Читаем Вместе или врозь? Судьба евреев в России. Заметки на полях дилогии А. И. Солженицына полностью

Так и получилось, что Гиммер-младший вырастал, мужал, достиг зрелости в горниле кипящего общественного скандала, в котором русская литература переплелась с социальным «настоем» русской жизни, образовав опасную гремучую смесь. Понятно, как всё это воздействовало на юную легко ранимую душу. «Суздальщина» вместе с достоевщиной формировали личность подростка.

То ли отзывчивость Льва Толстого на его просьбу, то ли обаяние великого писателя, которое он почувствовал при встрече с ним, вызвали у него обостренный интерес к нравственно-философскому учению Толстого. Молодой Гиммер стал толстовцем. Но не надолго. Приближался 1905 год, в обществе всё бурлило, и молодой толстовец встал под знамена революции. Но в революционной среде как-то не приживался. Примкнул к партии эсеров, но потом от неё отошел. Долго был одиноким стрелком-литератором, конечно, левого толка. Позднее стал меньшевиком, и после Февраля избирался в Советы. А после гражданской войны, будучи известным полемическими выпадами против Ленина и его команды, пытался вступить в большевистскую партию, но принят не был. В 1931 году стал «героем» показательного процесса «меньшевистского центра», был приговорен к десяти годам ссылки, но в 1937 году опять арестован — уже как германский шпион; под пыткой во всем «признался» и был расстрелян.
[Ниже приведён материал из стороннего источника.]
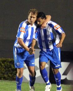 Marquinhos (esq.) comemora com Roberto o segundo gol do Avaí no Serra Dourada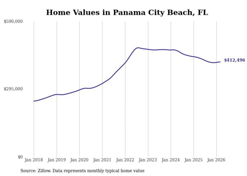 compiled a list of cities with the most expensive homes in the Panama City metro area using data from . Charts show the monthly typical home value since January 2018. All 10 cities and towns with data available were included in the list.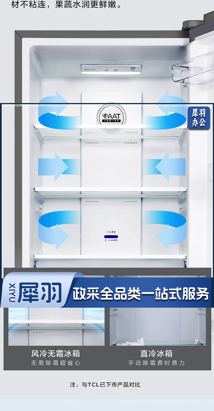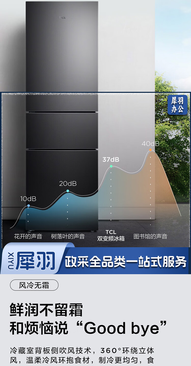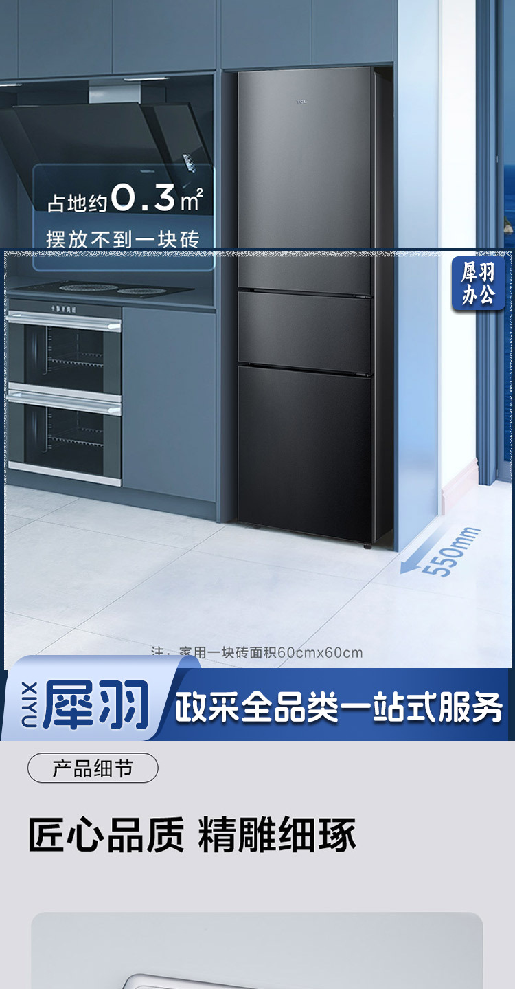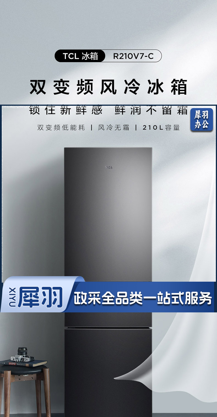 TCL 210升双变频风冷无霜冰箱三门小型宿舍家用电冰箱 负离子养鲜 37分贝低音节能省电小冰箱R210V7-C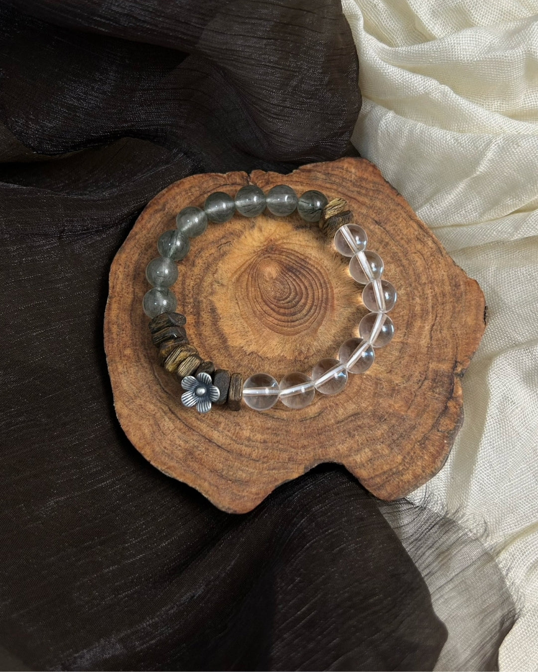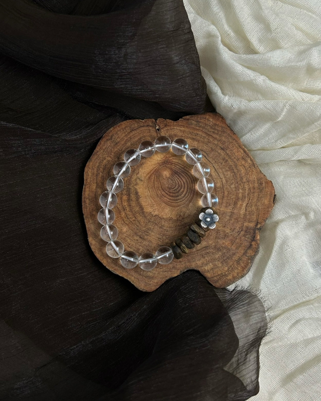 Crystal-clear rock crystal rounds pair with earthy agarwood accents and a delicate 925 silver blossom for a serene, tactile balance. Minimalist yet expressive—wear solo for quiet clarity or stack for a textured, Zen-inspired look. Lightweight, unisex, and effortlessly refined.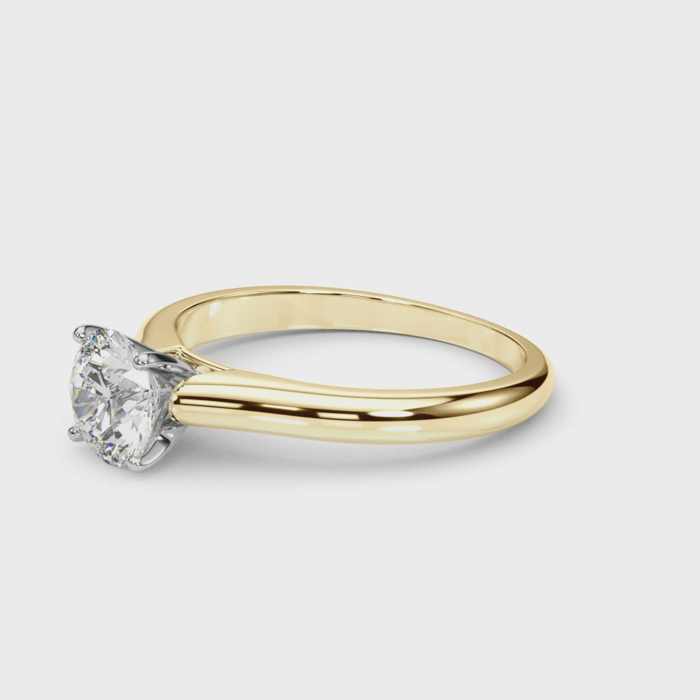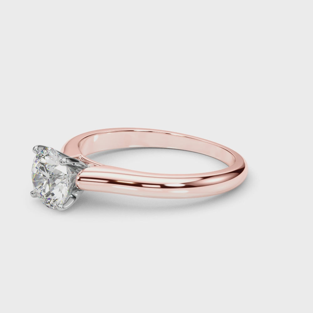 This cathedral Round solitaire features an open basket with 4 claw prongs to secure the diamond, size of your choice. The petite band adds to the dainty and timeless look of this engagement ring.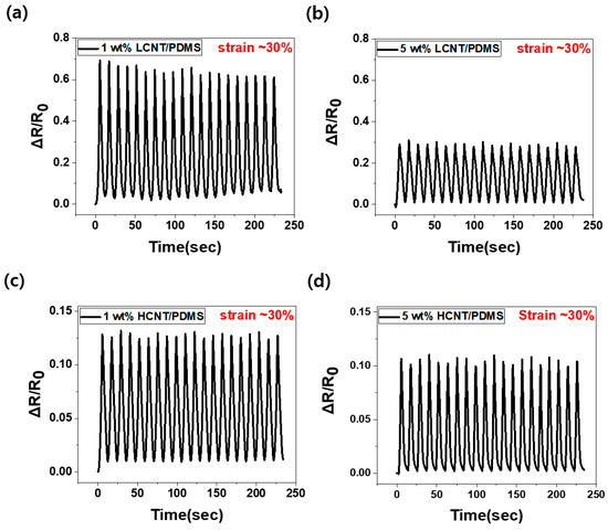 Comparing the relative change in resistance of LCNT/PDMS and HCNT/PDMS, we observed that LCNT/PDMS showed a better piezoresistive effect and stable hysteresis properties after the 1st cycle. The reason for the better piezoresistive properties of LCNT/PDMS is that LCNT is shorter than HCNT, so that the connections between LCNTs are easily broken during tension. Furthermore, the wavy HCNT expanded during tension, thus exhibiting an advantage by maintaining contacts between the HCNTs. According to previous literature, the expansion of the wavy HCNT negatively affects its piezoresistive effect [32,33]. Therefore, a better piezoresistive effect is observed in LCNT/PDMS. In terms of hysteresis properties, LCNT/PDMS shows smaller hysteresis properties than HCNT/PDMS because LCNT has a lower tendency for buckling than HCNT upon release from tensile deformation. Theoretical analyses presented in previous papers confirm this phenomenon [20]. In other words, the electrical paths inside the LCNT/PDMS are less restructured than the electrical paths inside the HCNT/PDMS when released after stretching.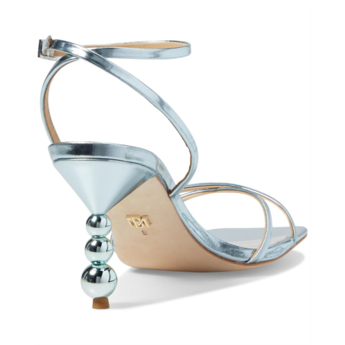 Step into elegance with Badgley Mischka Callie sandals. Featuring crisscross straps on the upper and an open square toe, they exude sophistication with a modern twist. The stiletto heel is adorned with metallic pearl detailing, adding a touch of glamor to any ensemble.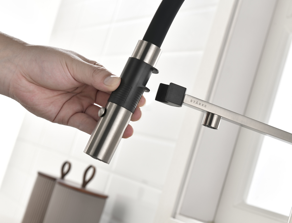 Paulmark GRAVITY, смеситель, никель, черный шланг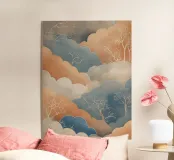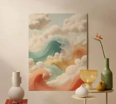 Dit etherische kunstwerk nodigt je uit om te ontsnappen naar een wereld van rust en verwondering. De zachte tinten van het wolkenlandschap creëren een gevoel van vrede, terwijl de delicate silhouetten van de bomen een vleugje mysterie toevoegen. Laat je verbeelding de vrije loop terwijl je naar dit serene tafereel kijkt, waar de lucht de aarde ontmoet in een harmonieuze mix van kleuren en texturen.

Я остановился на подробностях биографии Н. Н. Суханова, чтобы показать, насколько рельефно преломилась в ней судьба России в самый острый период её истории. Мало о ком со столь же неоспоримым правом можно сказать: «Здесь русский дух, здесь Русью пахнет!»

Солженицын всё это должен знать, так как о Суханове он писал еще в ГУЛАГе. Но — сердцу не прикажешь. Русскость для него олицетворяет генерал-казак Корнилов, сыгравший в судьбе России роль медведя в посудной лавке рождавшейся демократии. Не случайно у великоросса Н. Н. Суханова нелепые действия этого «спасителя отечества» вызвали «чувство ущербленной национальной гордости».[496]

«Чего конкретно хочет Главковерх, „открыто выступая“, что собирается он сделать, в чем надлежит ему содействовать „верящим в храмы“ и проч., — это никому не известно, — писал Суханов с горьким сарказмом. — Исходный пункт Корнилова: предание русского народа германскому племени, обвинение коалиции [Временного правительства] в контакте с немецким штабом на фоне собственного похода с фронта на Петербург! Можно ли придумать что-либо более лубочное, корявое, нелепое, неискусное, подрывающее собственное дело?».[497]

Возможно, генерал Корнилов хотел как лучше. Но получилось — как всегда. Очевидно было тогда, и тем более очевидно сейчас, что его попытка «спасти Россию» не просто провалилась, она не могла не провалиться. В других случаях Солженицын выстраивает длинные цепочки отдаленных последствий тех или иных действий (от выстрелов Богрова — аж до Бабьего яра!), но тут он застывает над пропастью, в которую повалилась Россия из-за корниловщины и вслед за корниловщиной. Хотя губительные последствия обнаружились сразу и непосредственно.

Не забудем: с возвращением Ленина в Россию большевики быстро набирали очки, но их выступление в июле 1917 было подавлено. Общественное мнение отшатнулось от них. Ленин и Зиновьев, дискредитированные вскрывшимися связями с германским генштабом, прятались в Разливе.[498] Другие большевистские лидеры, включая только что приставшего к ним Троцкого, арестованы, сидят в «Крестах». Опасность большевистского переворота, столь реальная еще полтора месяца назад, отпала. При всей шаткости Временного правительства появилась реальная возможность дотянуть до Учредительного Собрания и благополучно передать ему власть. Тут-то и показал свой норов генерал-казак. Сила есть — ума не надо. Своим провальным «переворотом» Корнилов прорубил окно прямо к штурму Зимнего дворца.

Временное правительство «вынуждено было тотчас обратиться к большевикам и Красной гвардии — наспех сколоченным отрядам вооруженных рабочих, придуманных большевиками. В тот самый момент, когда большевистские вожди были в тюрьме или в подполье из-за обвинений в связях с немцами, красногвардейцам раздавали винтовки, а Керенский призывал кронштадтских матросов — самые разнузданные элементы большевистского лагеря и главных защитников Июльских дней — скорее выступить на защиту Временного правительства. Тюремное заключение „немецкого агента“ Троцкого приобрело поистине фарсовый характер: в самый разгар следствия его посетила делегация кронштадтских матросов, чтобы спросить совета — защищать ли им Керенского, остановив Корнилова, или прикончить их обоих».[499]